The Zee boxes are good, but are a knock-off of the ones David Roth sells. I've even seen David's instructions photocopied and sold along with the boxes by some dealers!
David Roth's okito box set (and Jim Zee's) is milled from heavy brass bar stock, which makes "the work" much easier than a lightweight box with a stamped-out lid. I haven't seen too many of that type recently, but if you can dent the lid, or the box is light and won't allow you to do a smooth turnover, throw it away and save for a better set.

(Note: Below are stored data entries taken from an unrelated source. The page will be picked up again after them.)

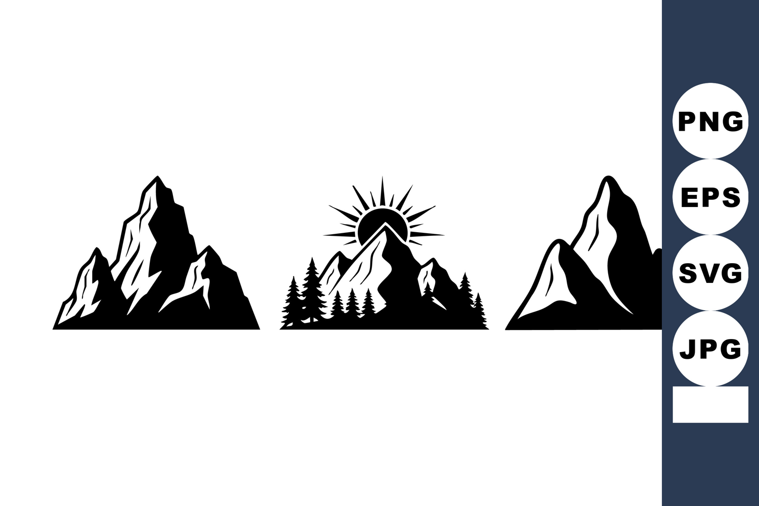 Mountain Silhouettes Sun Pine Trees Vector Set example image 1
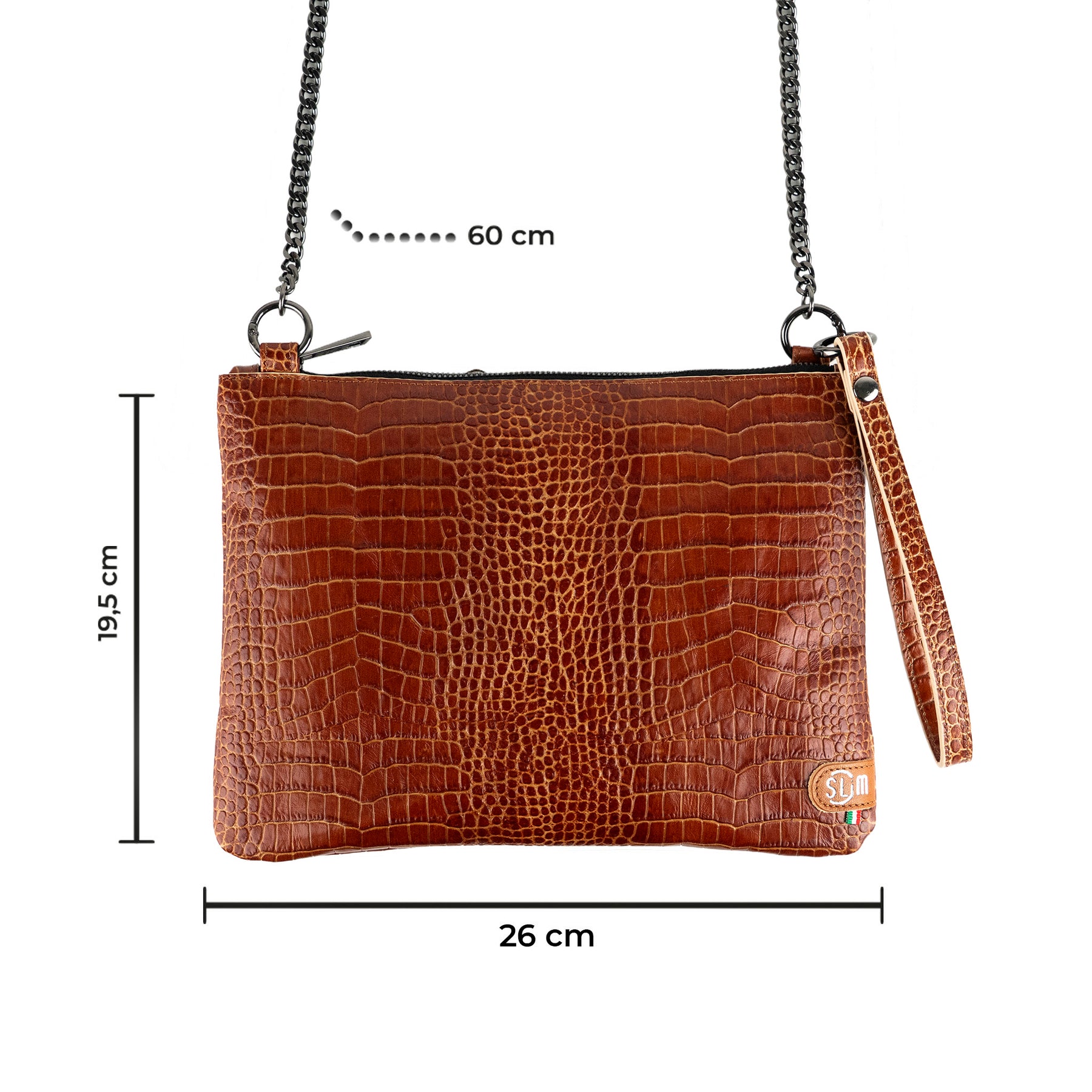 Pochette con Tracolla Vera Pelle Cocco Cuoio
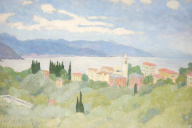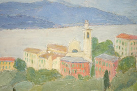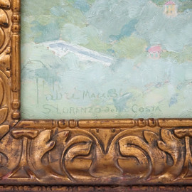 San Lorenzo della Costa, olio su cartone, cm 30x40, firmato, entro cornice.
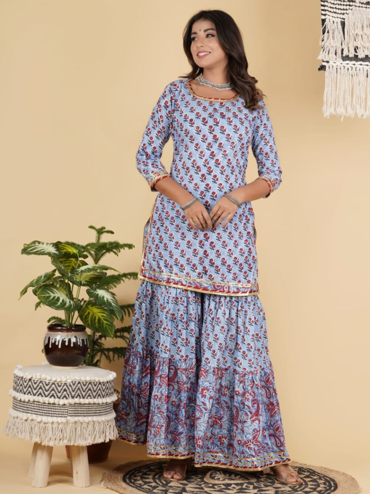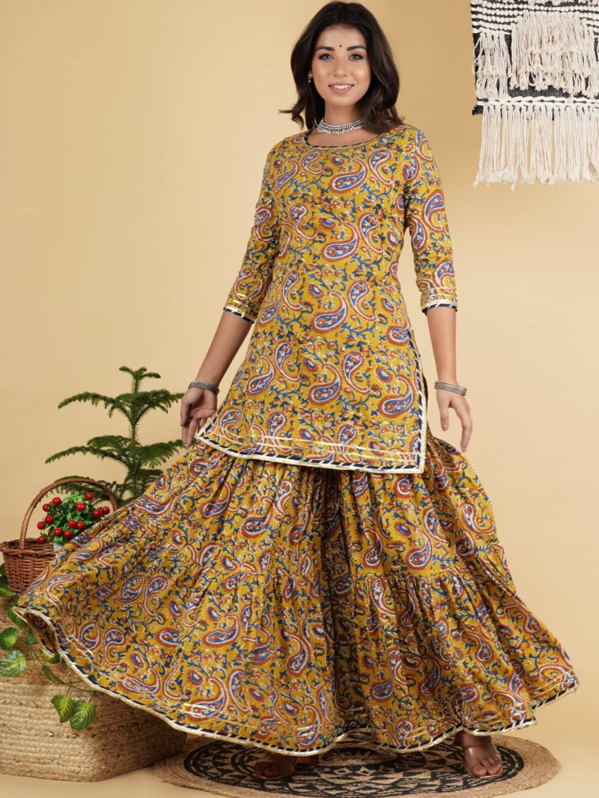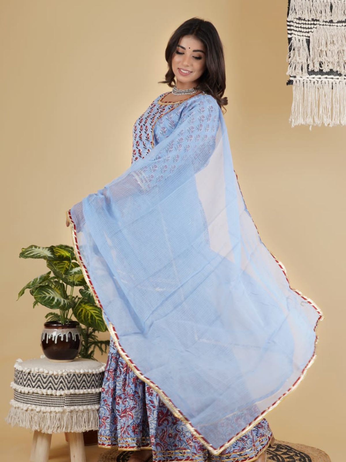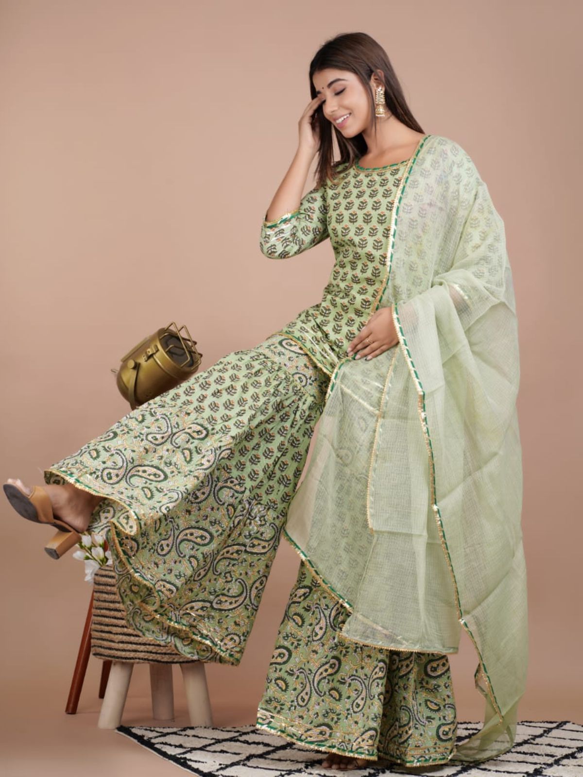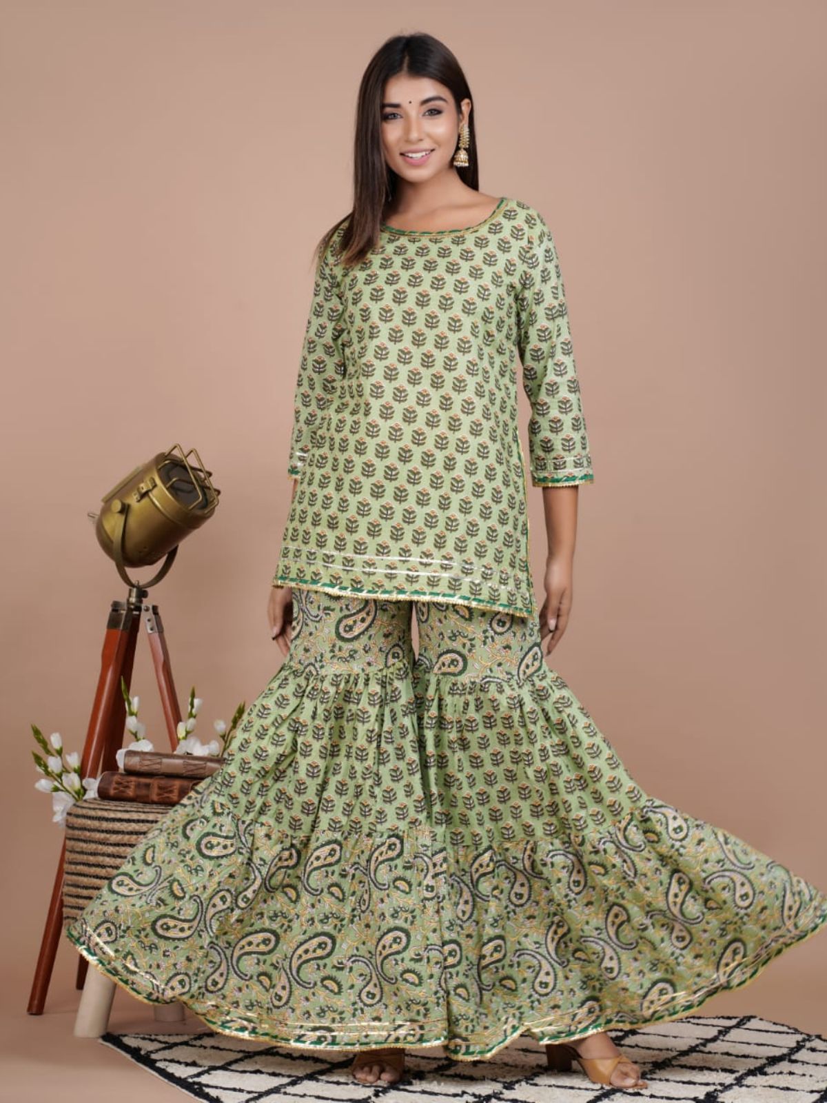 Traditional Hand block print cotton short kurta with tier gharara in a delicate colour palate with Kota doria dupatta with heavy tassel detailing.
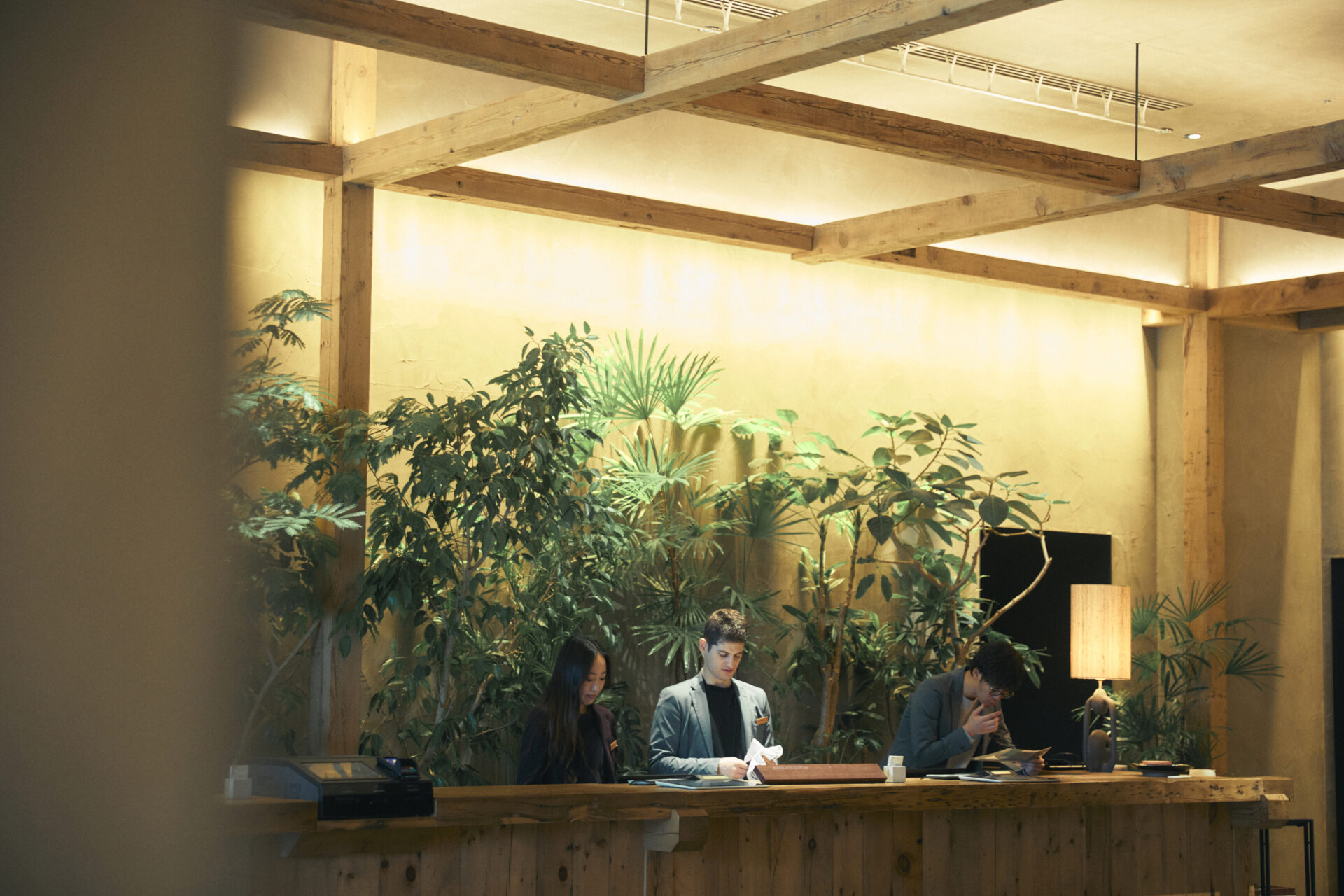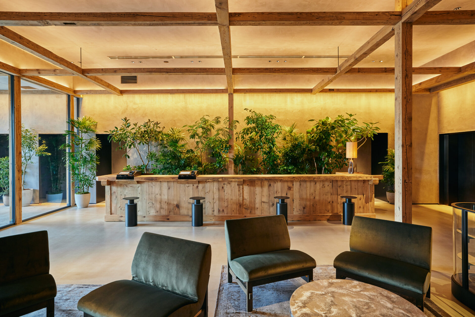 ロビーはお茶屋の数寄屋造りを思わせるしつらえで、壁を設けず開放的な空間をつくり、旅人と地域の人が自然に混ざり合う“場”として機能しています。
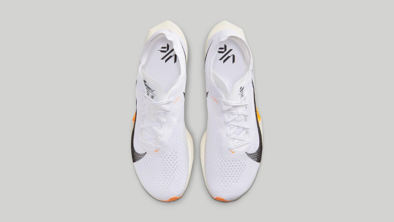 前足部は、シューズ内側に曲線を描くようにデザインをアレンジ。安定性が向上したほか、ライド感のコントロールをしやすいように改良された。ファーストカラーは、ズームエックス ストリークフライ(ZoomX Streakfly)やエア ズーム アルファフライ ネクスト% 2と同様に、ホワイトを基調にワンポイントでオレンジを取り入れたプロトタイプカラーを採用した。
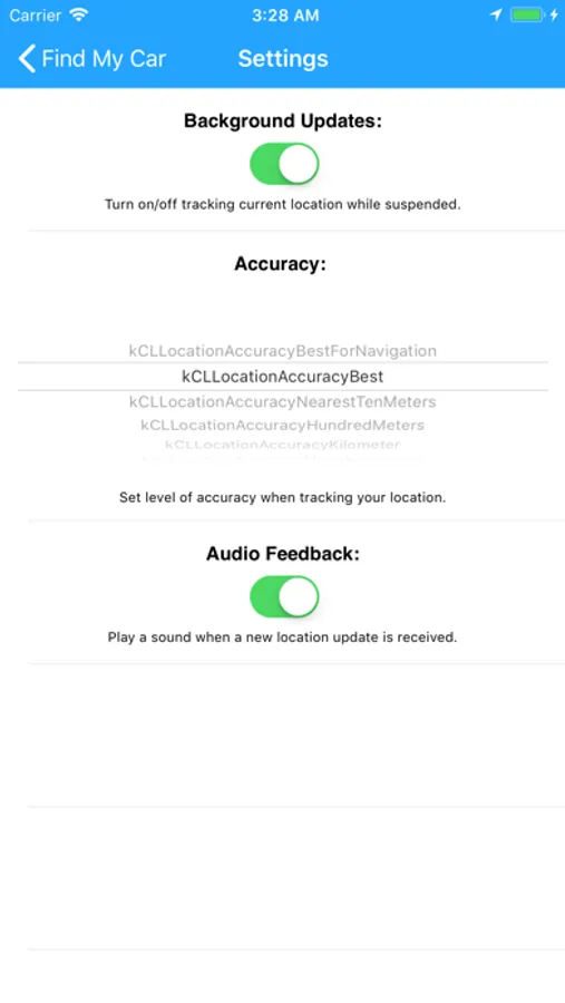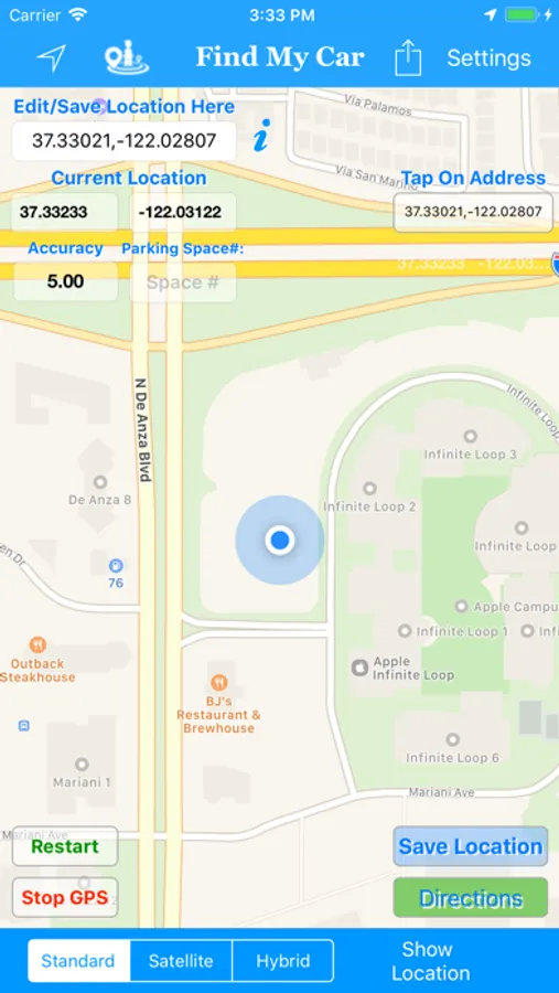 Find My Car!! is a GPS app.After parking press Save Location. To navigate back, Just Press Directions. Or you may Select All, Copy, press done, Directions and Paste the Address/Coordinates into the search bar. When turned on, it draws a trail to show where you have traveled. For best results, turn on wifi on your device. Need to find your car after exiting through the other side of the mall? Find My Car app will assist in finding your car. After you park your car, start the app(remember to enable wifi) and save the car coordinates by simply typing or copy/paste (for best results while you copy/paste, press the "Stop GPS" button) your coordinates into the window and press done. Restart the app. A trail will be drawn from your current location to your destination. Trace the trail back to where you parked. You may also enter GPS coordinates and/or street address in the "Save Car Coordinates Here" window. Copy the saved coordinates and press directions (apple map directions is opened). Paste the coordinates in the "To" section, press search then press go. The maps have standard, satellite and hybrid views. Continued use of GPS running in the background can dramatically decrease battery life.
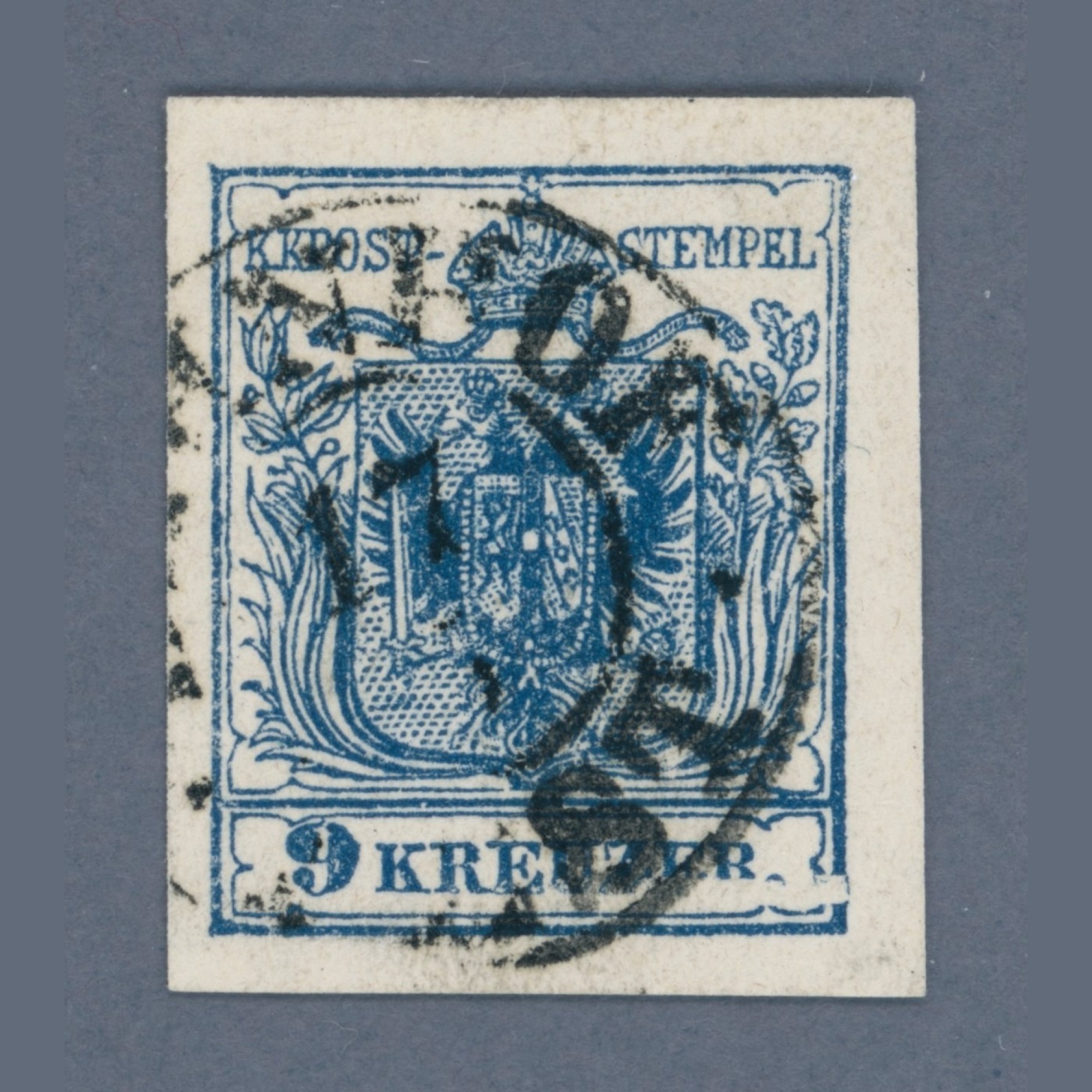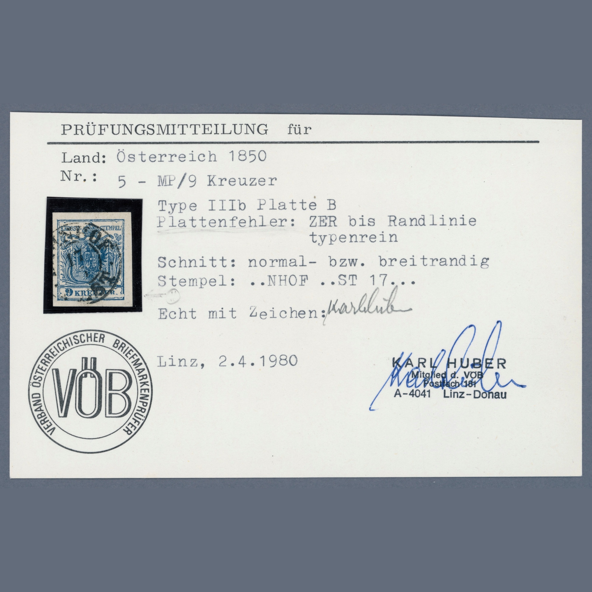 1850 Ausztria – 9 kr IIIb típus – BAHNHOF / PESTH bélyegzéssel – attest: Hüber | Ferchenbauer: 214. lemezhiba / 80 EUR
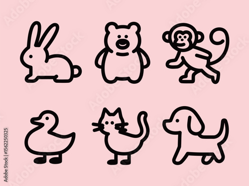 Cute Animal Line Drawings featuring rabbit bear monkey duck cat dog
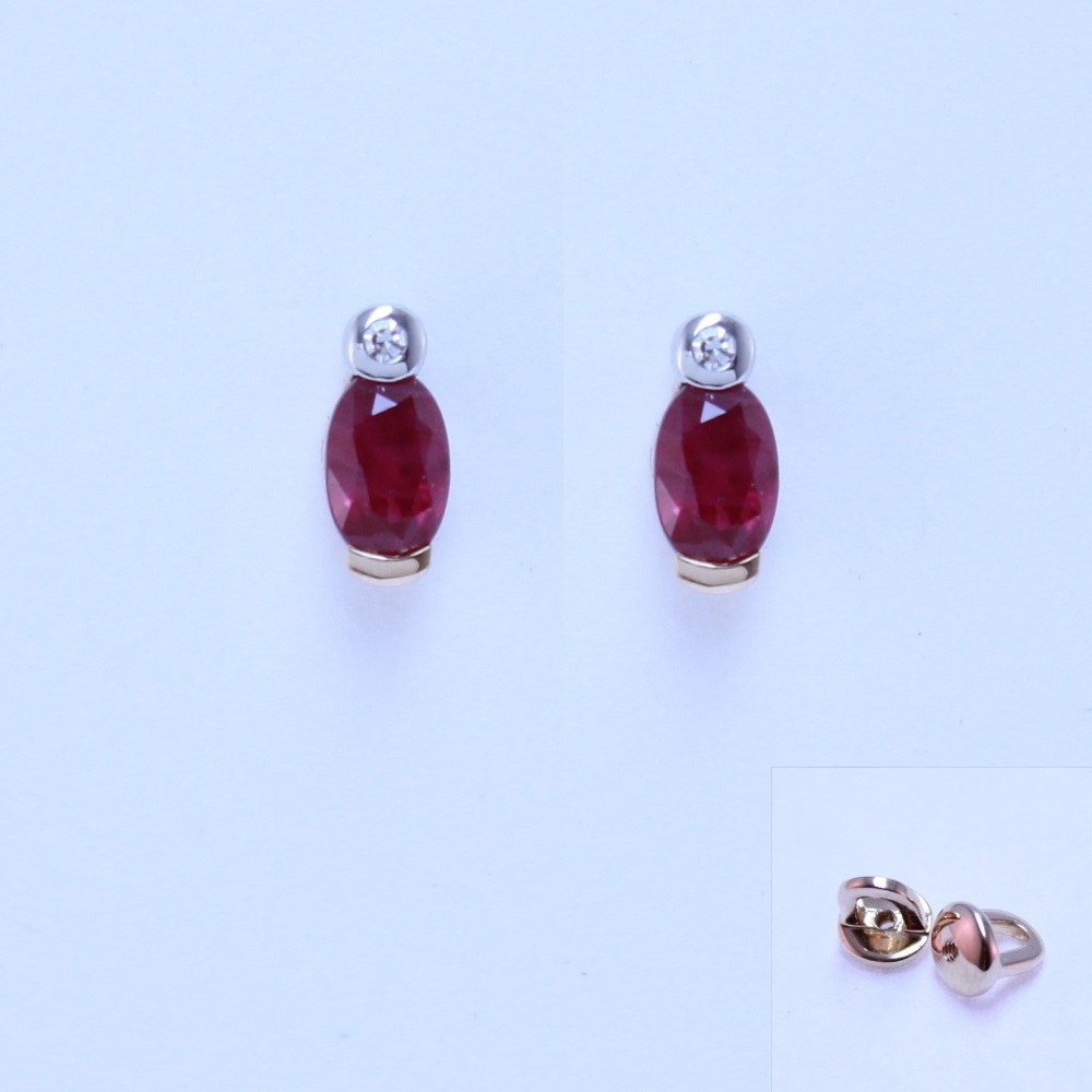 —Серьги-пусеты из красного золота с рубинами и бриллиантами

I am interested in discussing the decorative and functional aspects of the okito boxes, as they relate to performing for an audience. The buddha box styles are nicely tapered, and resemble the pill boxes still found in some drugstores. Would I carry a box with a dragon on it? Probably not. I don't know too many people who actually carry pill boxes, and consequently I tend to accept David Roth's approach to the problem; he introduces the prop as a "magic box." In another time, perhaps the box could have passed for a "snuff box," and in some circles today, it might look like a small storage container or "stash box," for herbal smokers.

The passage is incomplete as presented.